It’s hard to miss Josh Allen. Physically, the Wyoming quarterback and NFL hopeful towered above his Senior Bowl peers at the position at 6-foot-4, 237 pounds
And his arm — like a howitzer attached to a torso.
From North practice, courtesy @ZebraTechnology – tracking players this week:
Fastest Throw = Josh Allen – 66.14 MPH
Longest Throw = Tanner Lee – 54.7 yards
Highest Rotations Per Minute = Luke Falk 721.6 RPM
Most Throws = Luke Falk 112 throws pic.twitter.com/Lo0ZjEBZYT
— Reese’s Senior Bowl (@seniorbowl) January 24, 2018
“Yeah, he’s got a cannon. Yeah, 100 percent,” fellow quarterback prospect Sam Darnold told Big Al and DMac on radio row at Super Bowl 52.
Darnold, who’s training with Allen leading up to the NFL draft, said he doesn’t know exactly how hard he throws, but the former Wyoming Cowboy “throws a little bit harder.”
Certainly, there’s little to poke holes through when arguing about Allen’s physical skill set, which Colorado State football coach Mike Bobo said was the top thing that stood out to him.
Bobo, who had the misfortune of losing to Allen and the Rams’s twice in consecutive years (including a come-from-behind effort last season), said the Cowboys quarterback ranks tops in college football in terms of his physical skills.
“I don’t think anybody in the college game has the physical skill set that he has — the arm strength, the size, he does have athletic ability, his ability to escape in the pocket,” Bobo told “Schlereth and Evans” on Thursday.
But, it’s Allen’s accuracy — or inaccuracy — that has caused concern about his prospects in the NFL.
During his two years as the Cowboys starting quarterback, Allen completed 56.2 percent of his 649 passes. His slightly better 56.3 completion percentage in 2017 was good enough for 77th in the college football.
By comparison, Darnold ranked 27th, Josh Rosen 29th, and Baker Mayfield No. 1.
Bobo theorized that Allen dipped statistically in 2017 because he lost four All-Conference offensive pieces from his redshirt sophomore season to the NFL and Wyoming’s conservative play-calling tendencies.
“They were going to be conservative on offense and not turn the ball over, and then they were going to take shots with him down the field,” Bobo said. “When you throw a lot of shots and a lot of vertical balls, your percentage is usually a little bit lower than if you were in a spread just throwing a bunch of bubbles and screens all the time.
“The inaccuracy issue has a lot to do with the style of play that they decided to play.”

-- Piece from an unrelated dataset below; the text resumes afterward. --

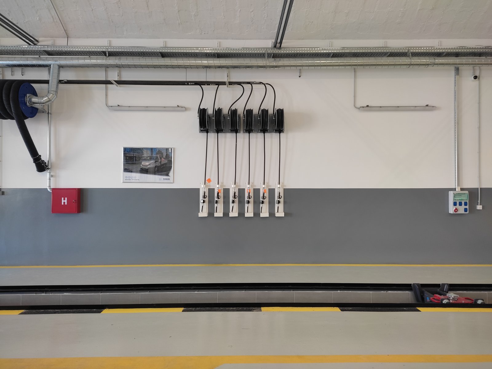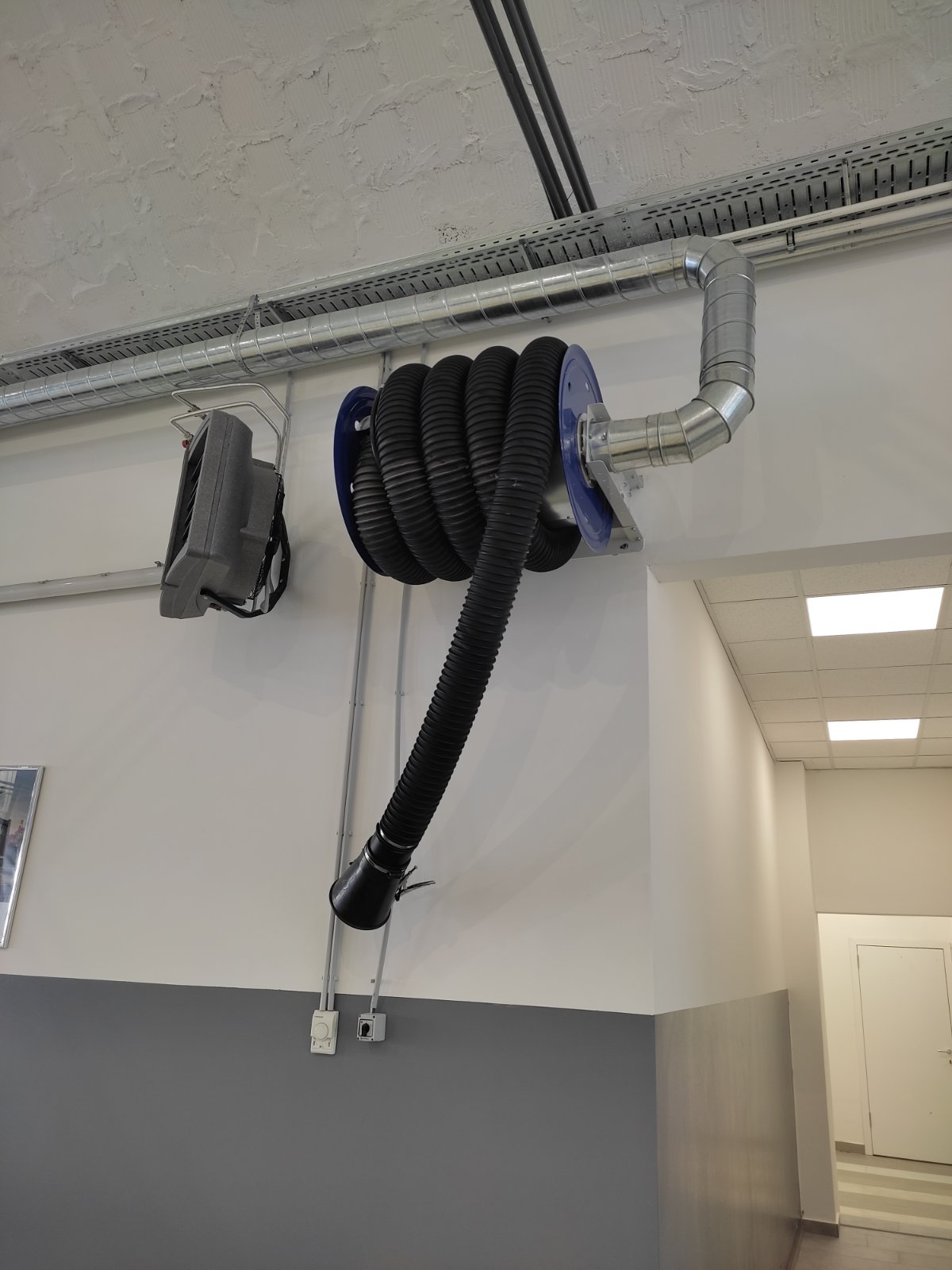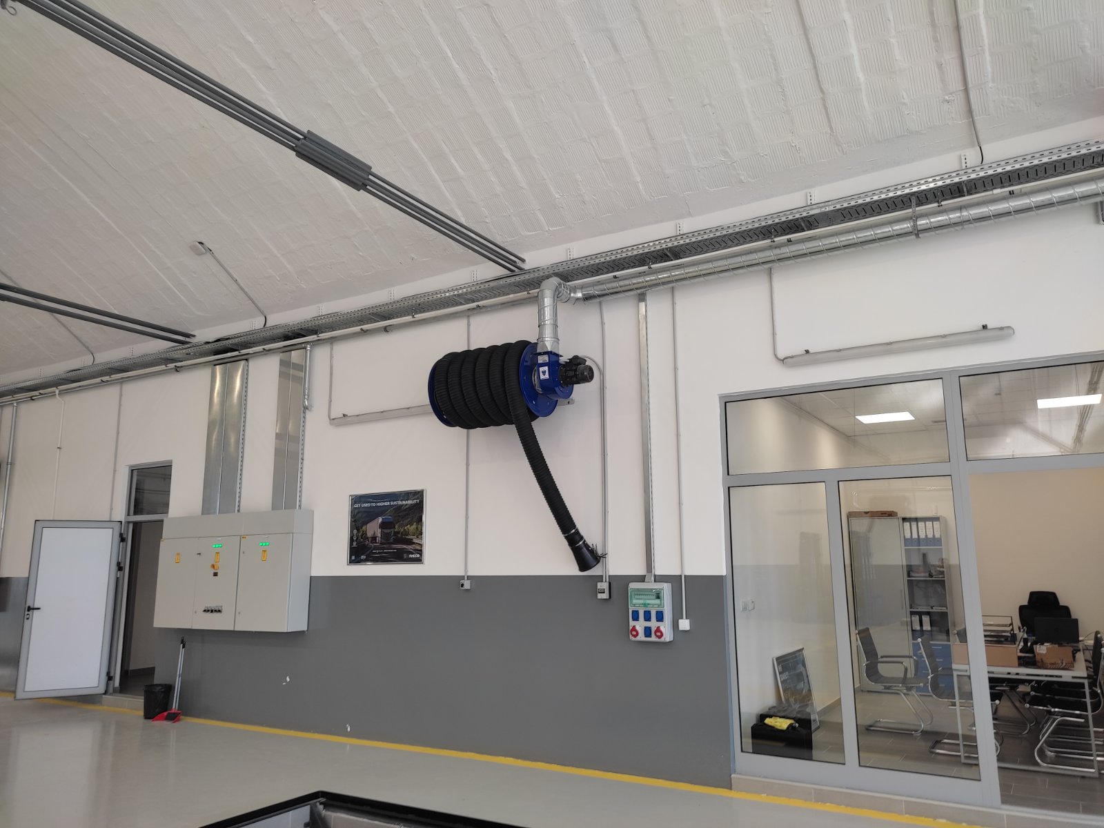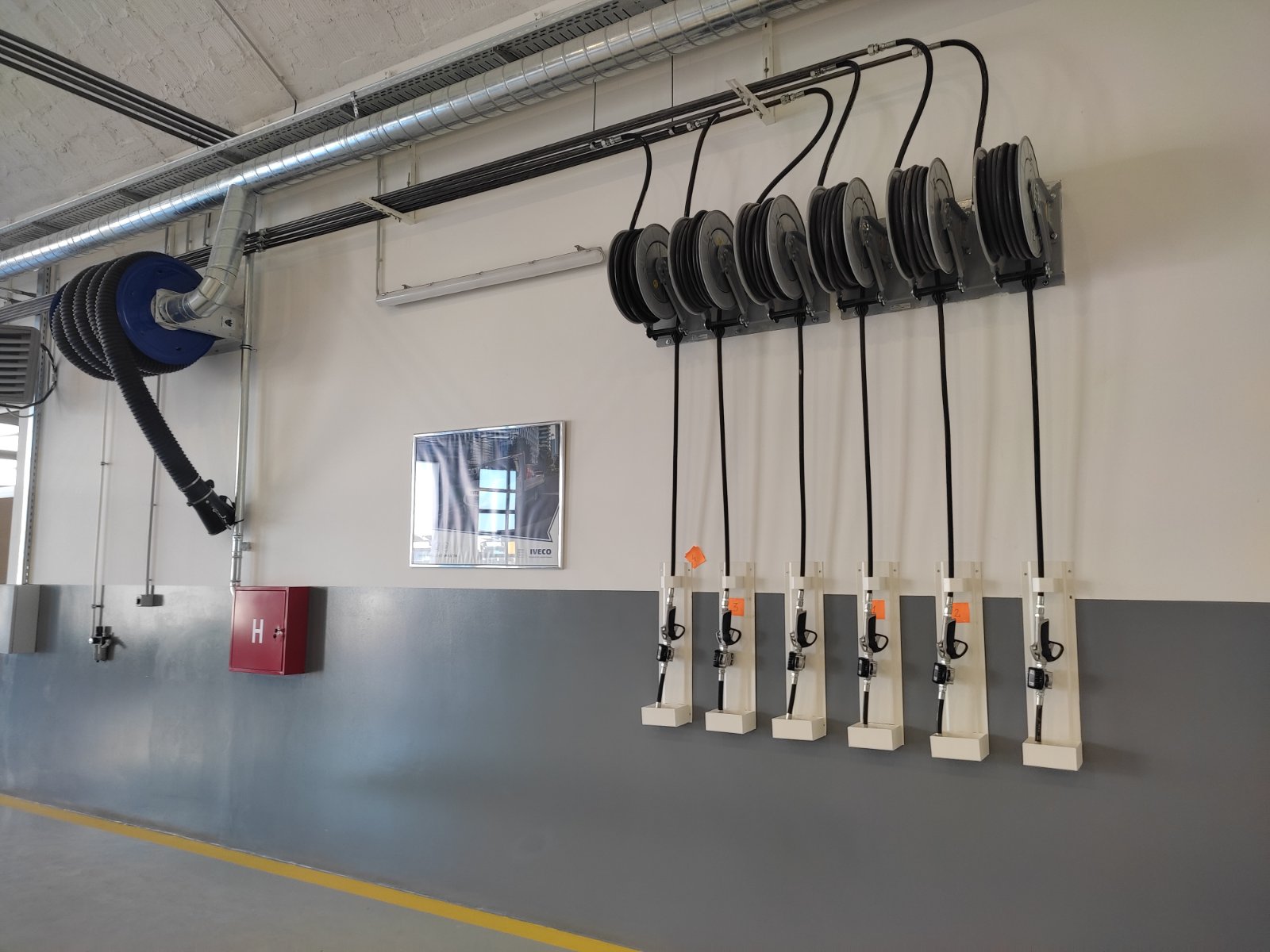 -Isporuka i montaža sistema za odsisavanje i ekstrakciju gasova Italijanskog proizvođača FILCAR, isporučen je sistem za odsisavanje izduvnih gasova sa automatskim upravljanjem fleksibilnog creva prečnika 125 mm dužine 13 m za teretni program DRWA-125/13-SB FILCAR,Sistem za odsisavanje izduvnih gasova sa automatskim upravljanjem creva Fi 125 mm dužine 10 m bez ventilatora DRW-125/10-SB FILCAR,Centrifugalni ventilator sa flanšama snage 1,5 kW / 2,0 hp 230/400 V 50 Hz AL-200/D FILCAR.

In 2017, Allen threw a pass 20-yards for farther 43 times in 11 games, or 15.9 percent of the time — 47th in the Football Bowl Subdivision.
And on passes of 10-yards or more, Allen was 31st in the FBS in terms of completion percentage (51.3 percent).
In the end, the inaccuracy issue is something Bobo said he thinks Allen can overcome in his NFL career.
“No matter the circumstance, no matter the situation, no matter how productive or not productive you are, you want a guy who’s always out there playing and competing,” Bobo said. “I think he’s a competitor, and I think he has a really, really high ceiling. I think he’s very, very talented.”